//The district attorney’s office in San Diego County, which covers the length of the southern border in California, said in June that the number of drug cases it received from Homeland Security agents who monitor border checkpoints doubled since the start of zero tolerance; three-quarters of them involved more than a kilogram of narcotics. A spokesman for the office declined to provide updated statistics. The Justice Department started hiring prosecutors and bringing in military lawyers to help.
Sandweg said prosecuting some immigrants has merit. He and other immigration officials pressed during President Barack Obama’s administration to bring more border crossers into federal court because they found that even token charges against immigrants from northern Mexico seemed to prevent them from trying again. The Justice Department rejected the idea.
Among those priorities are drug-smuggling cases. The drug cases that make it to federal court along the border are seldom small. In July, the Justice Department brought trafficking charges against a woman caught crossing the border in California with 76 pounds of methamphetamine, 15 pounds of cocaine and 3 pounds of heroin stashed in the spare tire and gas tank of her car. Federal prosecutors charged another woman with smuggling 37 pounds of methamphetamine in her gas tank.

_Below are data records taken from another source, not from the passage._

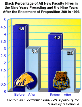 The impact of Proposition 209 is even greater at the two most prestigious campuses of the University of California system. From 1987 to 1996, there were 27 new black faculty appointments at Berkeley. They made up 4.6 percent of the 593 new appointments made in that period. In the nine years since Proposition 209, there have been 18 new black faculty appointments. They made up 3 percent of the 599 new faculty hires.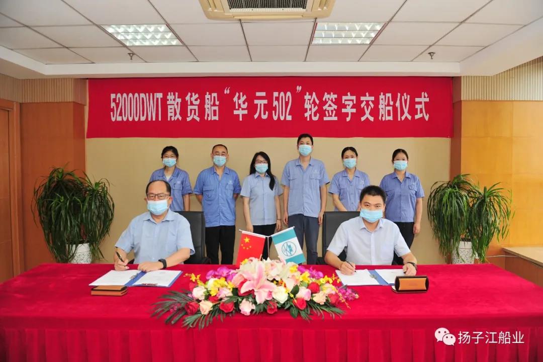 8月13日,扬子江船业集团子公司江苏新扬子造船有限公司为上海华元航运有限公司建造的第二艘52000吨内贸散货船 “华元502”轮顺利签字交付。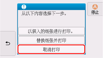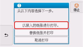 注释- 根据打印机设置的不同,“以装入的纸张进行打印。”可能不会出现。
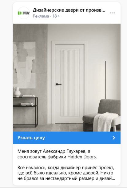 Для производственного B2C это критично. Человек, который ищет двери скрытого монтажа в новостройку, и человек, который присматривает дизайнерские двери для ремонта — это разные сегменты с разной мотивацией, разными возражениями и разным циклом принятия решения. Показывать им одно и то же объявление — значит терять конверсию на каждом этапе воронки.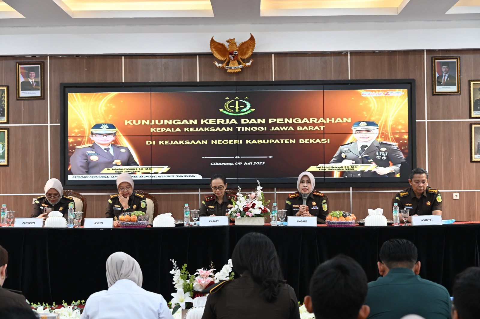 EDUKADI NEWS – Kajati Jabar Katarina Endang Sarwestri, S.H.,M.H melakukan rangkaian kunjungan kerja ke Kejaksaan Negeri Kota Bekasi dilanjutkan ke Kejaksaan Negeri Kabupaten Bekasi (09/07/25).

Martinez said the decline in drug prosecutions in New Mexico is the result of less smuggling, not less attention from prosecutors and agents. For years, she said, border agents have caught fewer and fewer people trying to carry backpacks loaded with marijuana across the border. That number, she said, hit a new low this year.
Nonetheless the drug trade along the border remains vast. U.S. Customs and Border Protection estimated in March that agents seize almost 3 tons of narcotics on a typical day. Homeland Security Secretary Kirstjen Nielsen told Trump at a Cabinet meeting in August that agents “interdict more and more drugs at the border each month.” //
Oh dear......more "selective fact" reporting. As I said, the link provides earlier that suggested the prosecution of illegal immigrants was hindering drug smuggling enforcement is nonsense and nothing short of downright lies. It is a partial repeat of this report with the salient points redacted. More fakery from the libbies.